5. Monitor deployment status via the Actions tab.

If you need to update secrets, do so manually via wrangler secret put or update GitHub secrets and rerun the workflow.

Tips & Best Practices

• Watch out for Node.js APIs: Cloudflare Workers use V8 isolates, which lack full Node.js support (e.g., fs, child_process). If your app relies on those, you may need to refactor or use Cloudflare’s compatibility flags.
• Use .dev.vars wisely: Keep it in sync with your production secrets to avoid surprises.
• Optimize cold starts: While Workers have near-zero cold starts, complex middleware can still cause delays.
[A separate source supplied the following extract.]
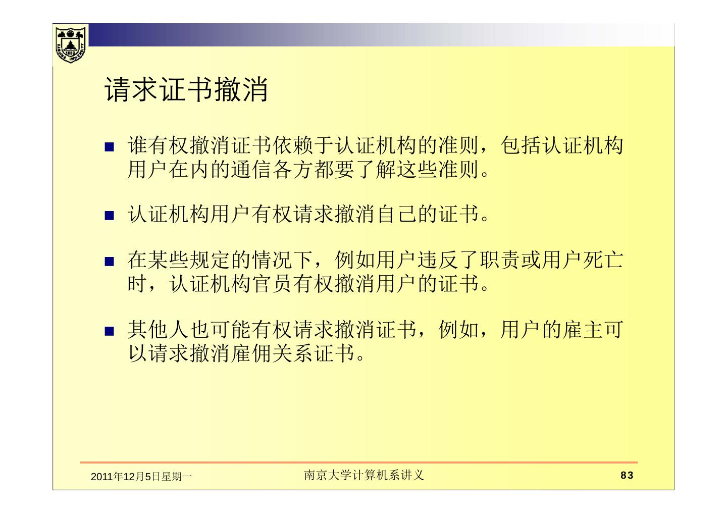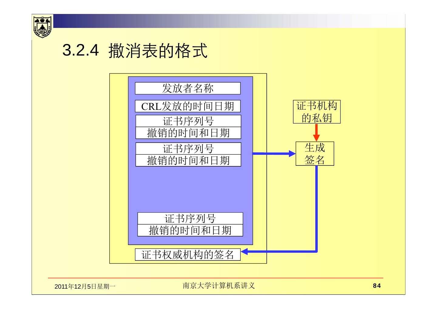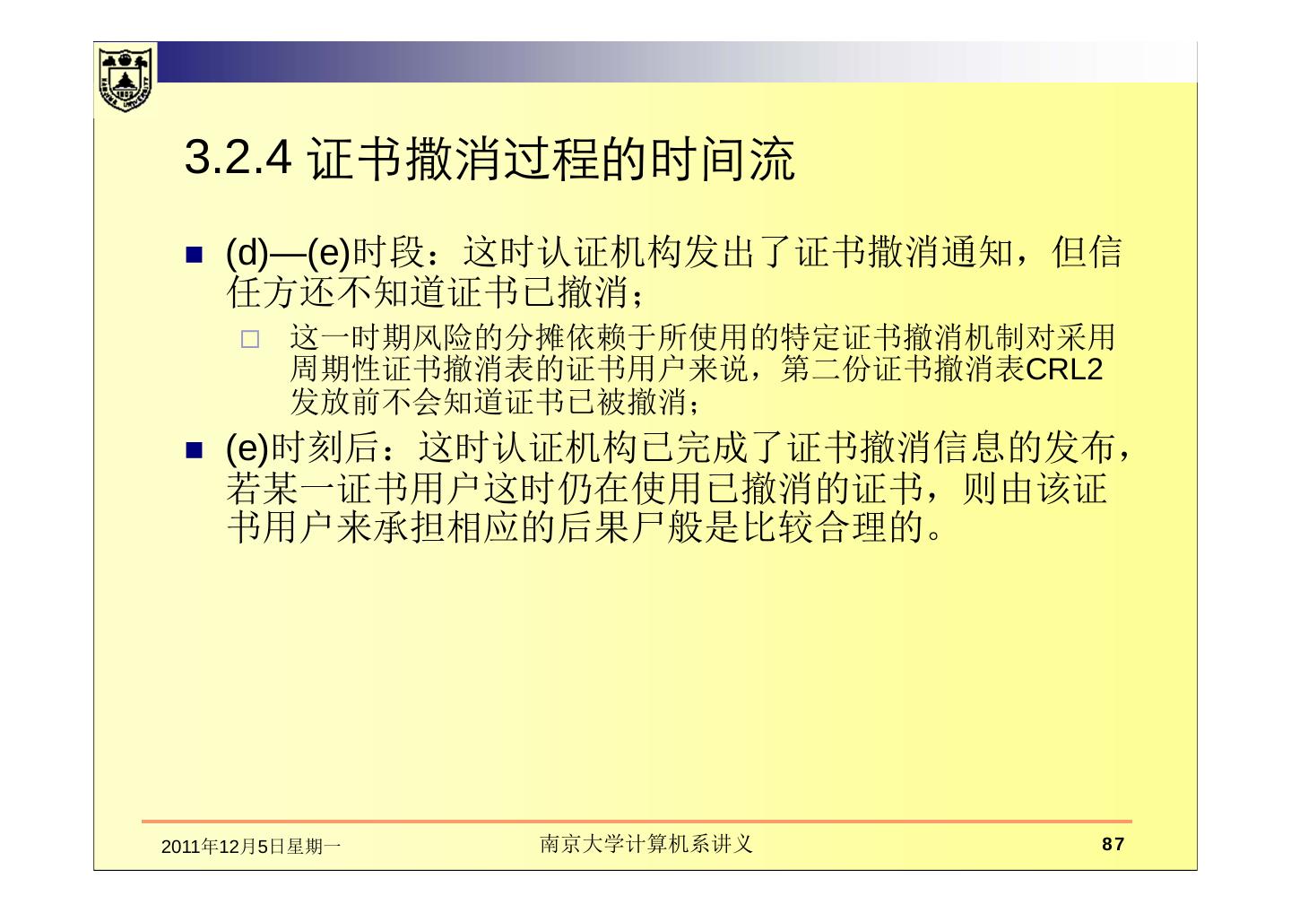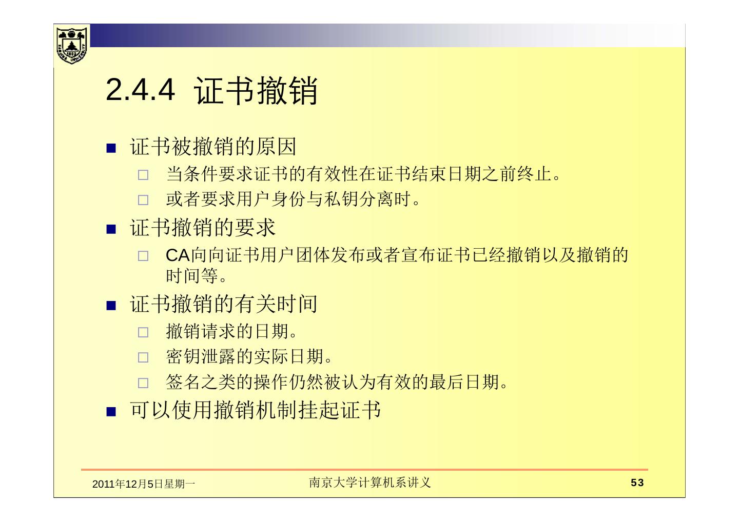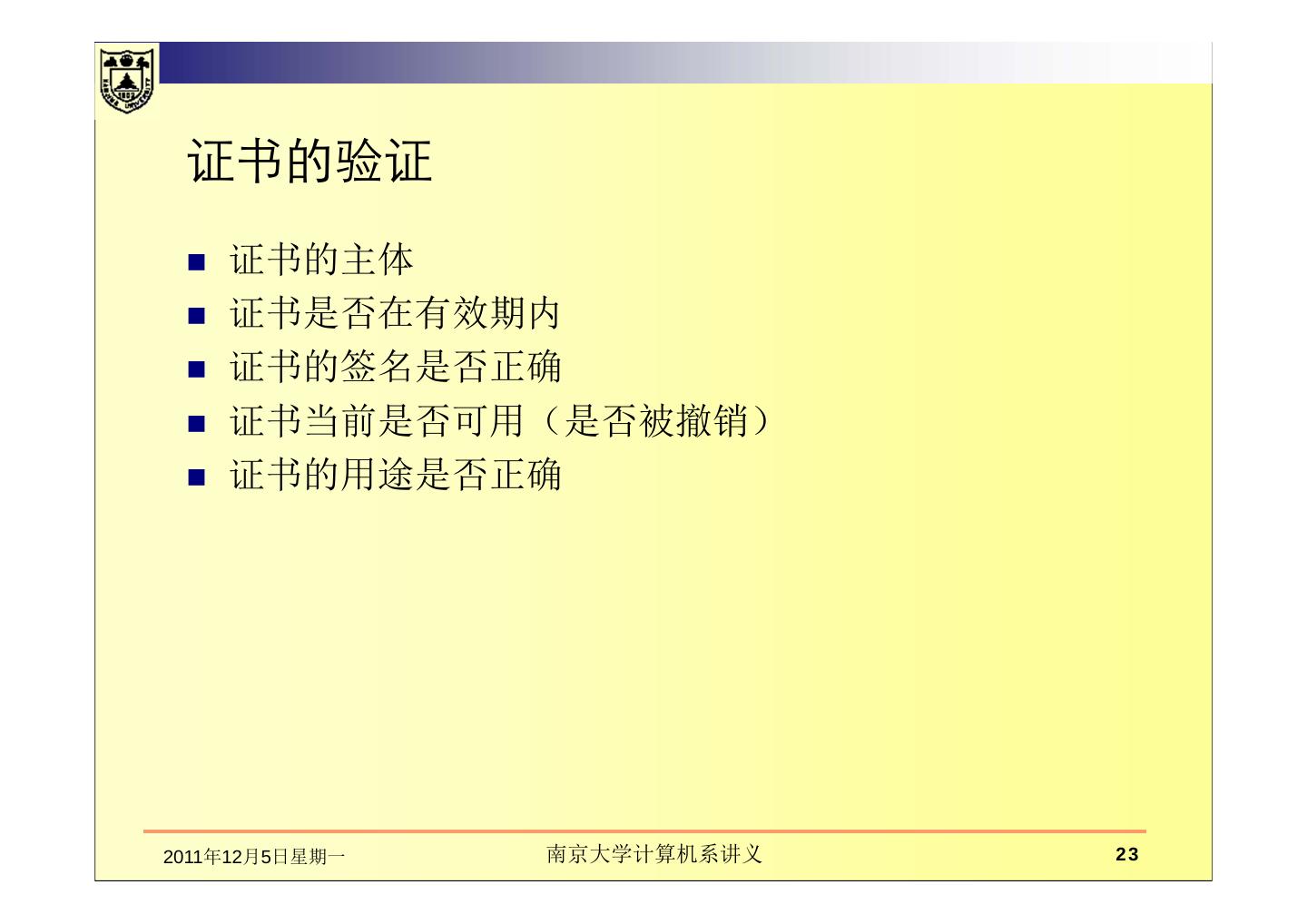 23 . 证书的验证 证书的主体 证书是否在有效期内 证书的签名是否正确 证书当前是否可用(是否被撤销) 证书的用途是否正确 2011年12月5日星期一 南京大学计算机系讲义 23

Keep middleware lightweight.
• Leverage Cloudflare bindings: For image optimization, use the IMAGES binding instead of Next.js built-in image optimization to reduce costs.
• Monitor usage: The free tier is generous, but check your dashboard for request counts and bandwidth to avoid unexpected limits.
• Test locally with wrangler dev: Before deploying, run npx wrangler dev to simulate the Cloudflare environment and catch issues early.

Deploying Next.js on Cloudflare Workers is now as smooth as on Vercel, thanks to OpenNext. With this guide, you can enjoy lower latency, minimal cold starts, and cost-effective scaling—all with automated CI/CD via GitHub Actions.